Stanton clicked and the giant Google Earth globe spun again. They watched it zoom in on New Jersey again. It stopped in a wooded area with one building in the middle.

"Ringwood State Park," Stanton announced. "It's about forty miles away from here. The heart of the Ramapo Mountains. That building is the Skylands Manor in the middle of the park. It's surrounded by at least five thousand acres of woods."

There was a second, maybe two, of silence. Frank could feel his heart beating in his chest. He looked at Walker. No words were exchanged. They knew. When something like this lands in your lap, you just know. The park was pretty big. Frank remembered a few years ago when some survivalist had hidden in the surrounding woods for more than a month. You could build a small lodging, hide it under trees and bush, lock someone up there.

Or, of course, you could bury someone where they'd never be found.

Tremont was the first to check the time. Midnight. Hours more of darkness. Panic set in. He quickly called Jenna Wheeler. If she didn't answer, he'd drive his car through her front door to get the answer.

"Hello?"

"Dan liked to hike, didn't he?"

"Right."

"Any favorite spots?"

"I know he used to like the trail in Watchung."

"How about Ringwood State Park?"

Silence.

"Jenna?"

A moment passed before she spoke.

"Yeah," she said, her voice faraway. "I mean, years ago, when we were married, we used to take the Cupsaw Brook Loop up there all the time."

"Get dressed. I'll have a car pick you up." Frank Tremont hung up and turned to Walker and Stanton. "Helicopters, dogs, bulldozers, lights, shovels, rescue squads, park rangers, every available man, local volunteers. Let's get moving."

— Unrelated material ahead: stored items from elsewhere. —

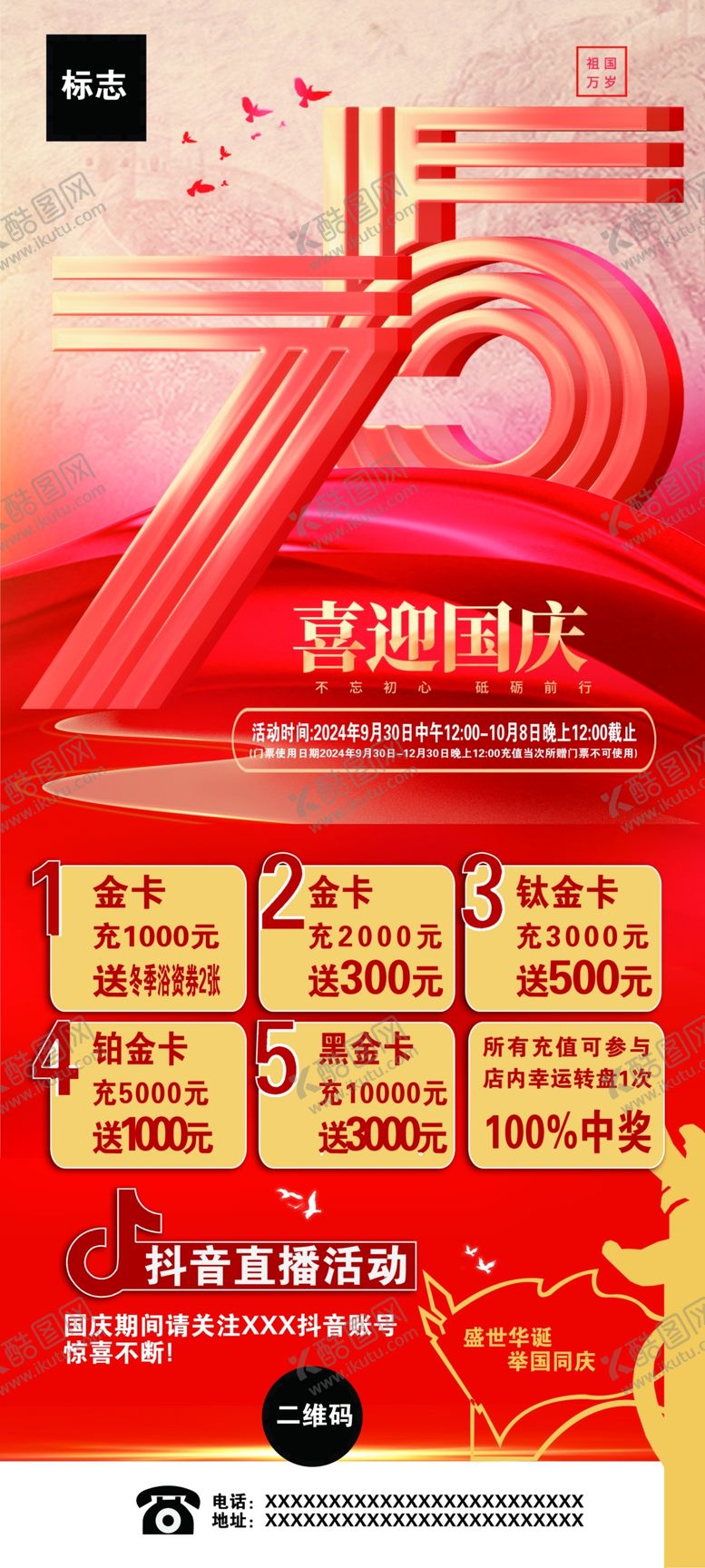 共享素材,尺寸大小是3151*7009像素,国庆展架设计是由平面广告设计师niitliu上传,浏览本次作品的您可能还对国庆,热烈,庆祝,胜利,活动,充值,周年,喜庆,红色,平面广告,,平面广告感兴趣。
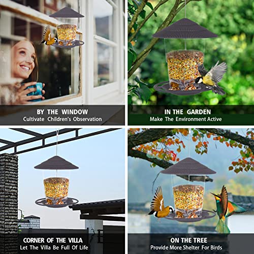 Facile da Riempire - Il design del contenitore trasparente ti consente di sapere quando ricaricare il mangime. Quando gli uccelli abitano e si nutrono di semi, puoi guardare gli uccelli dalla finestra, dal balcone o dal tetto.
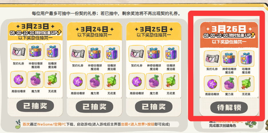 继续提一嘴,Wegame/pc启动器的玩家别忘了,明天把3月26号的抽了。
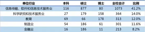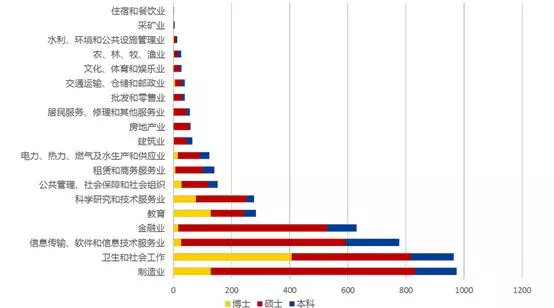 从事互联网行业的毕业生占据了就业总数的将近一半,其次是科研行业、教育行业、制造业和金融业。中科大毕业生从事金融业的比例远远低于其他顶尖高校。

Walker and Stanton both nodded.

Frank Tremont flipped open his phone again. He took a deep breath, felt the punch from Hester Crimstein's earlier words, and then he dialed Ted and Marcia McWaid.

AT FIVE AM, Wendy was jarred awake by the phone. She had only fallen asleep two hours earlier. She had stayed up and surfed and started to put things together. Nothing on Kelvin Tilfer. Was he the exception that proved the rule? She didn't know yet. But the more she surfed the other four--the further she dug into their histories--the stranger the Princeton suitemate scandals became.

Wendy reached blindly for the phone and croaked out a hello.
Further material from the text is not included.